All children who were finally included in the study managed to complete a 4-week training program with IVGs. Cardiorespiratory fitness testing in children undergoing chemotherapy due to leukemia is difficult to perform because of the adverse treatment-related sequelae (i.e., anemia, musculoskeletal complications, and circulatory failure resulting from the cardiotoxic effect of the drugs). However, it was conducted on a group of 10 children. The research plan assumed the use of many research tools, including ergospirometry, CERT scale, HBSC questionnaire, heart rate measurements, and the estimation of energy expenditure during the IVG intervention. to the study period was performed during the SARS-CoV-2 pandemic, the researchers were deprived of the possibility of re-testing the cardiorespiratory efficiency of the children immediately after the IVG intervention. Another study conducted 14 months after the end of the IVG intervention could not be useful in assessing the direct impact of IVG training on the improvement of the cardiovascular and respiratory parameters. The results only proved that another stage of cancer treatment (maintenance therapy) had a significant impact on improving the level of cardiorespiratory efficiency.

10. Future Research Directions

Future investigation is needed. Studies with a larger group of children should be performed. Additionally, it would be essential to assess the extent to which improvement in terms of increased daily physical activity is a permanent result of the interventions. It would also be useful to assess whether the IVG intervention contributed to the change in habits related to undertaking regular physical activity. Future research should focus on the use of new virtual technologies with total immersion. Studies could compare the results of the interventions and assess which intervention (either IVGs or virtual reality games) is more effective to increase the physical activity levels and improve the quality of life of pediatric patients.

11. Conclusions

IVGs training at an intensity determined based on the baseline cardiorespiratory fitness test is safe and could become part of the rehabilitation program of children treated for leukemia.

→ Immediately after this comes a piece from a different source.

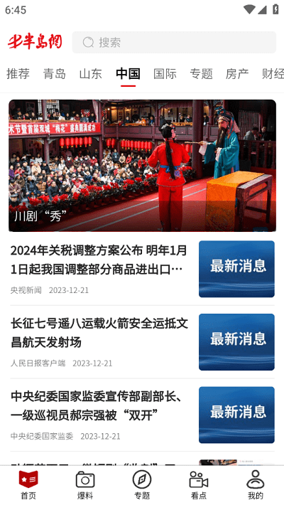 半岛网青岛新闻网是一款专为青岛市民打造的融媒体资讯平台,集新闻浏览、生活服务和社交互动于一体。作为青岛地区最具影响力的新闻客户端之一,它整合了半岛都市报、城市信报等权威媒体资源,为用户提供最新鲜的本地新闻、国内外热点资讯以及文娱体育报道。平台不仅支持实时新闻更新,还提供便捷的政务服务和生活资讯查询功能,让用户足不出户就能掌握青岛大小事。通过智能推荐算法,为用户打造个性化的阅读体验,是青岛人了解城市动态、参与社区互动的首选平台。

The subjects from the intervention group completed all stages of the progressive training program, which proved the feasibility of such physical effort during cancer disease treatment and even during hospitalization. Moreover, the children’s subjective assessment of the severity of the required effort during IVGs showed that IVG training required a light or moderate effort, despite reaching high energy expenditure values.
In the early stage of cancer treatment, the children from the intervention group undertook physical activity during the IVGs interventions and fulfilled the MVPA recommendations. The results of the follow-up study, conducted 14 months after the IVGs program, showed that the children continued to perform regular physical activity, and their PA level was even comparable to that during the training intervention (no statistically significant difference in PA level between post-intervention and follow-up study). After 14 months of the IVGs intervention, the children were not cured as intensively as during the first stage of cancer treatment, and their fitness parameters were better, as shown by the CPET (the test duration was prolonged, and the peak heart rate was higher). As a result, the children treated for cancer had the opportunity to be much more active during this relative recovery period. This may indicate the necessity of sustained rehabilitation programs for children for the entire duration of their cancer treatment.

Author Contributions

Conceptualization, A.K. and M.W.; methodology, A.K. and M.W.; validation, A.K.; formal analysis, M.W.; investigation, A.K.; resources, A.K.; data curation, A.K.; writing original draft preparation, A.K.; writing—review and editing, A.K. and M.W.; project administration, A.K. and M.W. All authors have read and agreed to the published version of the manuscript.

Funding

This research received no external funding.

Institutional Review Board Statement

The study was conducted in accordance with the Declaration of Helsinki and approved by the by the Local Bioethics Committee of Wroclaw University of Health and Sport Sciences 51-612 Wroclaw, Poland (consent no 22/2018).

Informed Consent Statement

Informed consent was obtained from all parents/legal guardians for the participation of their children in the study.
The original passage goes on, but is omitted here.